Wiele wskazuje na to, że Martin Schulz nie ma szans w wyborach, ale wybory zawsze mają pewną dozę niepewności
— skomentował wybory w Niemczech Stefan Hambura. Był on gościem Telewizji Republika.
CZYTAJ WIĘCEJ: Bez niespodzianek w Niemczech. Wygrywa blok Merkel. CDU/CSU z 32,5 proc. poparcia. Schulz: Wielka koalicja straciła akceptację wyborców
Pani Kanclerz jest teflonowa, cokolwiek by nie powiedziała – mówi to okrągło, zgadza się ze wszystkimi. To taka „matka Merkel”, ma dbać o naród, o państwo, o to, żeby się dobrze działo. Niemcy to państwo fasadowe pod względem demokracji
— mówił Hambura i postanowił pokazać, że przez do Merkel mogła mieć problem w kampanii, związany z ruchem AfD.
Merkel musiała się mierzyć w tej kampanii z ciekawym, do tej pory nieznanym, ruchem oddolnym. Latały pomidory w powietrzu, była wygwizdywana. (…) Pojawia się partia AfD, która jest sprzężona z obywatelami.
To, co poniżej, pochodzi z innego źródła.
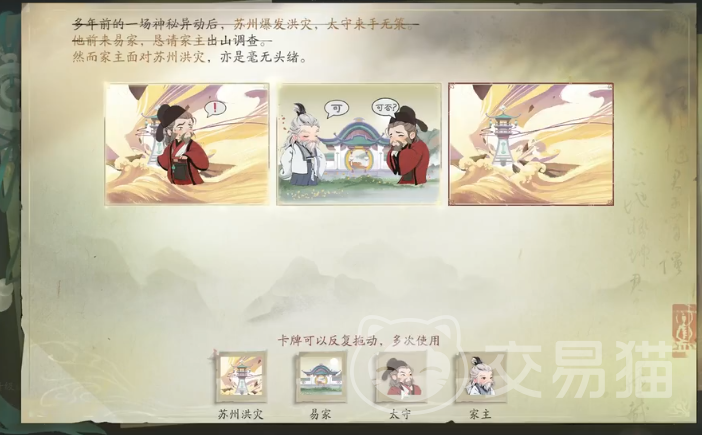 完成这一关考验之后,可以看到旁边有一本发光的手册,要按照手册上的要求完成苏州洪灾的调查,需要分别把下面的几个卡牌拖动上去,首先玩家可以先把第一个苏州洪灾,放置到第一个方块中,接着把太守,继续拖动到苏州洪灾这个方块上,然后在第二个方块上放置易家这个背景,上面分别放置家主和太守,接着第三个方块,只需要再次放置苏州洪灾即可。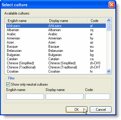 Initially the list contains neutral cultures only. To show all cultures, uncheck the Show only neutral cultures checkbox. You can use the English name, Display name, and Code boxes to filter the list of shown cultures. After you have selected a culture, press the OK button to add it to the translations. The newly added culture will appear in the Culture drop-down in the toolbar and will become current in the window.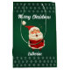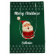 Haga que sus regalos sean realmente especiales con esta bolsa de regalo para Navidades que incluye un clásico Santa Claus. El fondo verde profundo con delicados copos de nieve añade un toque elegante, mientras que el diseño tradicional de Navidad Padre aporta la cálida nostalgia de las vacaciones atemporales. El alegre Santa de su gorra rojo encarna el espíritu festivo, la alegría y la emoción de los regalos de los Navidades. Con la personalización, puedes añadir un nombre para crear un detalle único y atento para tus seres queridos. Combinando tradición con un acabado moderno, esta bolsa es perfecta tanto para sorpresas pequeñas como para regalos más grandes.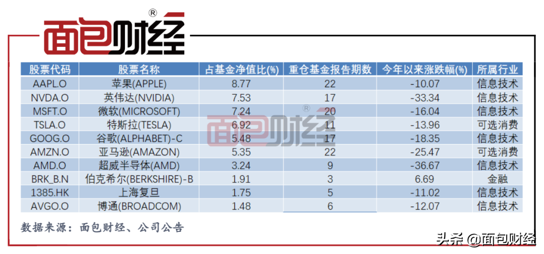 图3:华夏全球股票(QDII)2022年一季度末前十大重仓股年初以来涨跌幅

To konkretni obywatele stoją za partią. Do tej pory partie były oddzielone od wyborców, to taka trochę pozaparlamentarna opozycja, która wprowadzi dużą grupę do Bundestagu
— pokazywał rolę nowego ruchu adwokat, wyjaśniając przy okazji, że może on stanowić problem również w stosunkach polsko-niemieckich, ponieważ ze strony AfD pojawiały się już komentarze chwalące żołnierzy Wermachtu.
Pani kanclerz Merkel jest nam znana, ale chyba nie będzie korzystała z całej czteroletniej kadencji. Być może przygotuje swojego następcę lub następczynię. Wygrana CDU może stać się przekleństwem tej partii, bo wzmocni to AfD i inne grupy protestu, które dopiero zaczynają swoje działanie. Jeśli kanclerz Merkel dotrwa do końca kadencji, to będzie musiała się pożegnać z władzą
— powiedział również Hambura. Podkreślił także, że grupy AfD i FPD zapowiadają, że jeśli wejdą do Bundestagu, złożą wniosek o powołanie komisji ws. otwarcia przez Angelę Merkel granic w 2015 r.